I, I think this is just, you know, idiosyncratic. I would not overinterpret these. Even though these are nice size populations, I don't think there is anything of particular. I would say, I would more look at, I mean, the 50/50 with regard to the patients that are, that had at least one PSA 50 reduction. I think says that both populations are, are seeing a similar, even though the confirmed ones seem a little lower on the 2.7. I think it's, it's, it's just spurious in that regard, and as I pointed out, is expecting that those numbers could potentially increase over time. So I, I, I don't look at that as a definitive parameter of a difference at this point.

Peter Lawson (Managing Director and Senior Equity Research Analyst)

Got you. Thank you. Then final question, whether the PSA reductions or it's, if it's ORR or disease control rate, what correlates best in your mind for this agent and PFS?

Scott Koenig (President and CEO)

My sense, it's going to be rPFS and disease control rate. As I, you know, pointed out previously, avoiding new growth of lesions is the most important thing here. And so that, obviously, if a patient has 30% or greater, it's recorded as a PR, but if a patient has 20% reduction, it'll be recorded as a stable disease.
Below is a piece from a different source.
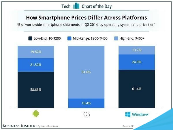 和苹果相比,Android和 Windows Phone 8 智能手机阵营采取的是完全不同的战略模式。他们大部分手持设备——60% 左右——的售价都是低于200 美元的。Android 和 Windows Phone 有 20% 的中端设备,而其中有一小部分是高端机,售价在 400 美元以上。
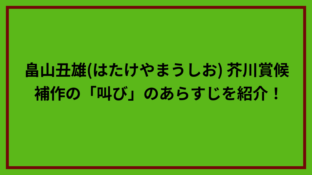 作品概要:畠山丑雄(はたけやまうしお)芥川賞候補作『叫び』のあらすじ紹介

As long as there are no new lesions, I think that that is fine. But, you know, again, we'll have to see as the data continues to mature.

Peter Lawson (Managing Director and Senior Equity Research Analyst)

Gotcha. Okay, thank you so much.

Operator (participant)

That concludes today's question and answer session. I'd like to turn the call back to Dr. Koenig for closing remarks.

Scott Koenig (President and CEO)

Well, thank you, everybody, for your questions today, and we look forward to following up the completion of the TAMARACK study and further updates on our other programs soon. Have a good evening.

Operator (participant)

This concludes today's conference call. Thank you for participating. You may now disconnect.